__Problem to work on__:
Only one stretch of the material below is wanted: everything from the line containing "Diamond Black Crystal Pearlcoat 2019" down to the line containing "XBD-SH型消防泵系單級、", both ends included. Repeat it exactly and skip the pictures.

*** Opening Information shown ***

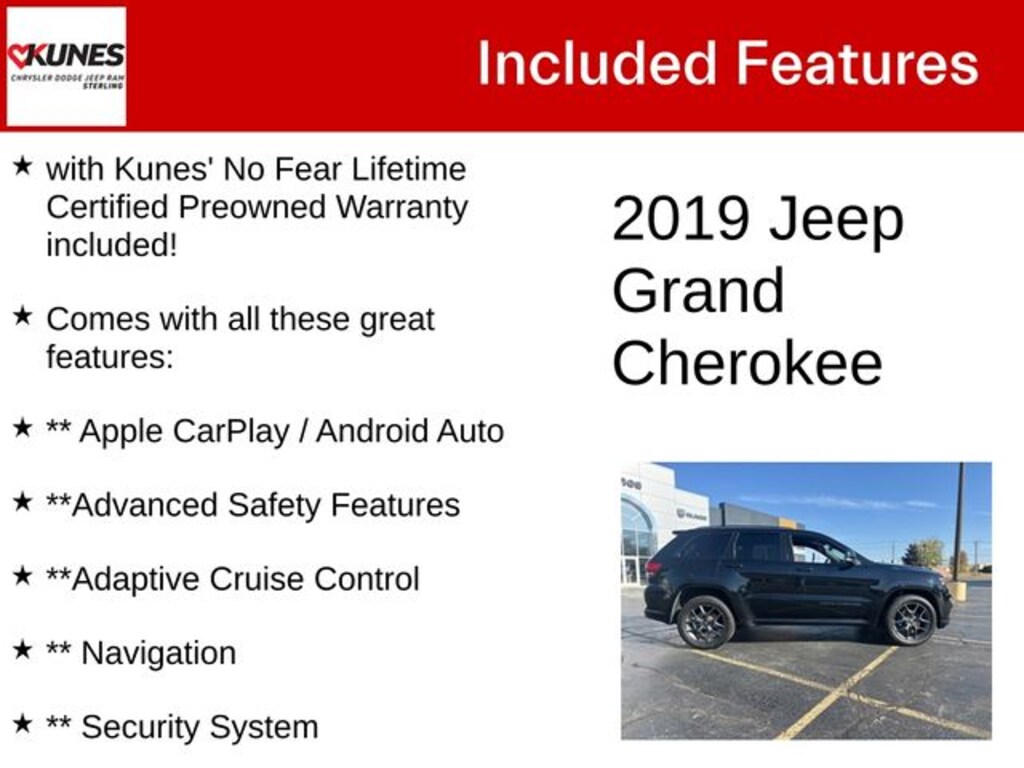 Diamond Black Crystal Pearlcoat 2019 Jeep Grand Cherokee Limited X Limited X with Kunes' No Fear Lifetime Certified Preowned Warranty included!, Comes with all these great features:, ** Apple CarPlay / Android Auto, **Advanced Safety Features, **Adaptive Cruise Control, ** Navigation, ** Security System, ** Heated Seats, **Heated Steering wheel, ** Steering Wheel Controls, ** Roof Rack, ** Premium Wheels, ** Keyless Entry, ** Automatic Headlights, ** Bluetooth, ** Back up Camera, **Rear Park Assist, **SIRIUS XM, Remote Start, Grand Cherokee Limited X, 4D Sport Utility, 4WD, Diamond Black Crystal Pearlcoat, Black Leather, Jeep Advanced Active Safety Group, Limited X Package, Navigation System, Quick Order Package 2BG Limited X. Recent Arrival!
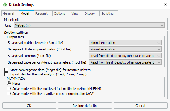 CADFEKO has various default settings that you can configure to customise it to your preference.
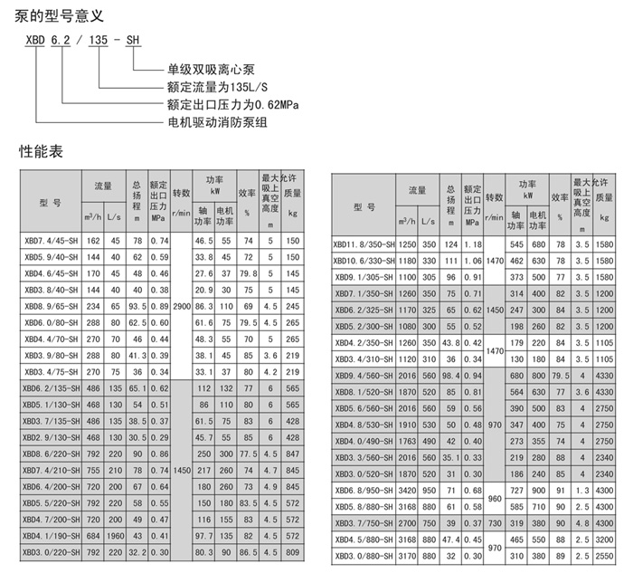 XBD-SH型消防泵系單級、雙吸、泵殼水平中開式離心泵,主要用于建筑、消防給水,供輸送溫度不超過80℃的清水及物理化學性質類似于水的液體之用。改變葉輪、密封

*** Closing Information shown ***
*** Opening Information shown ***

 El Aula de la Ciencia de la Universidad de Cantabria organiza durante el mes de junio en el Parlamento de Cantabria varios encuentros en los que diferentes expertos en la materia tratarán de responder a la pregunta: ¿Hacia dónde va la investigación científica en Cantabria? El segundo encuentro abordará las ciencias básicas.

*** Closing Information shown ***
*** Opening Information shown ***

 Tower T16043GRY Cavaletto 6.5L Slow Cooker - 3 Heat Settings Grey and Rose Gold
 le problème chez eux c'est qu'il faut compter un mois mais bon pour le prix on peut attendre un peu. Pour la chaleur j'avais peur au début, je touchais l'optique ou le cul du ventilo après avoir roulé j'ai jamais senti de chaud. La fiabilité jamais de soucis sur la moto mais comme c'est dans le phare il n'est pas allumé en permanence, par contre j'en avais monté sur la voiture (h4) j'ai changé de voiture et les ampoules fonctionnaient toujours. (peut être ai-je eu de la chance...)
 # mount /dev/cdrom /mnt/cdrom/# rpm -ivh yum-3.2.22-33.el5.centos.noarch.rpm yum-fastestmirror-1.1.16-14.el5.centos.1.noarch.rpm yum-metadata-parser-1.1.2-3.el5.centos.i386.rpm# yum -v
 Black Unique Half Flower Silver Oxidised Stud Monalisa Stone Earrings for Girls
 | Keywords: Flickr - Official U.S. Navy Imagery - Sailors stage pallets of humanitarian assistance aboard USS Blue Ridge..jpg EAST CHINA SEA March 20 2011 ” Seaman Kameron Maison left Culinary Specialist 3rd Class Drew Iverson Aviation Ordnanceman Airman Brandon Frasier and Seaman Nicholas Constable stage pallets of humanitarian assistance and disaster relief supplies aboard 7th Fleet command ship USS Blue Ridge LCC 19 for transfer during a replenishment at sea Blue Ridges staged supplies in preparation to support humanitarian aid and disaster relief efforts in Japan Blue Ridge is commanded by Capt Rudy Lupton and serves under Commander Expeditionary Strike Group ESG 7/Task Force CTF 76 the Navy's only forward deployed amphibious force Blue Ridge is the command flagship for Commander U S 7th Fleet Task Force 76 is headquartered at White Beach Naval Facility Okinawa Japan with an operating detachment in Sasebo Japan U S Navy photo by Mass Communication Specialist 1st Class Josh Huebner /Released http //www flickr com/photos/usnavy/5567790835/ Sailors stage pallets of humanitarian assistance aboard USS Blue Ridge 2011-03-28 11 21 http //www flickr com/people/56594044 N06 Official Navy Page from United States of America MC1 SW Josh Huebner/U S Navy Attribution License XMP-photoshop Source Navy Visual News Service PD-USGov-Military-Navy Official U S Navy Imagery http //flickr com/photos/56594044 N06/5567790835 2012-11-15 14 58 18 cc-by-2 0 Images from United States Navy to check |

*** Closing Information shown ***

__Answer for this exercise__:
 Diamond Black Crystal Pearlcoat 2019 Jeep Grand Cherokee Limited X Limited X with Kunes' No Fear Lifetime Certified Preowned Warranty included!, Comes with all these great features:, ** Apple CarPlay / Android Auto, **Advanced Safety Features, **Adaptive Cruise Control, ** Navigation, ** Security System, ** Heated Seats, **Heated Steering wheel, ** Steering Wheel Controls, ** Roof Rack, ** Premium Wheels, ** Keyless Entry, ** Automatic Headlights, ** Bluetooth, ** Back up Camera, **Rear Park Assist, **SIRIUS XM, Remote Start, Grand Cherokee Limited X, 4D Sport Utility, 4WD, Diamond Black Crystal Pearlcoat, Black Leather, Jeep Advanced Active Safety Group, Limited X Package, Navigation System, Quick Order Package 2BG Limited X. Recent Arrival!
 CADFEKO has various default settings that you can configure to customise it to your preference.
 XBD-SH型消防泵系單級、雙吸、泵殼水平中開式離心泵,主要用于建筑、消防給水,供輸送溫度不超過80℃的清水及物理化學性質類似于水的液體之用。改變葉輪、密封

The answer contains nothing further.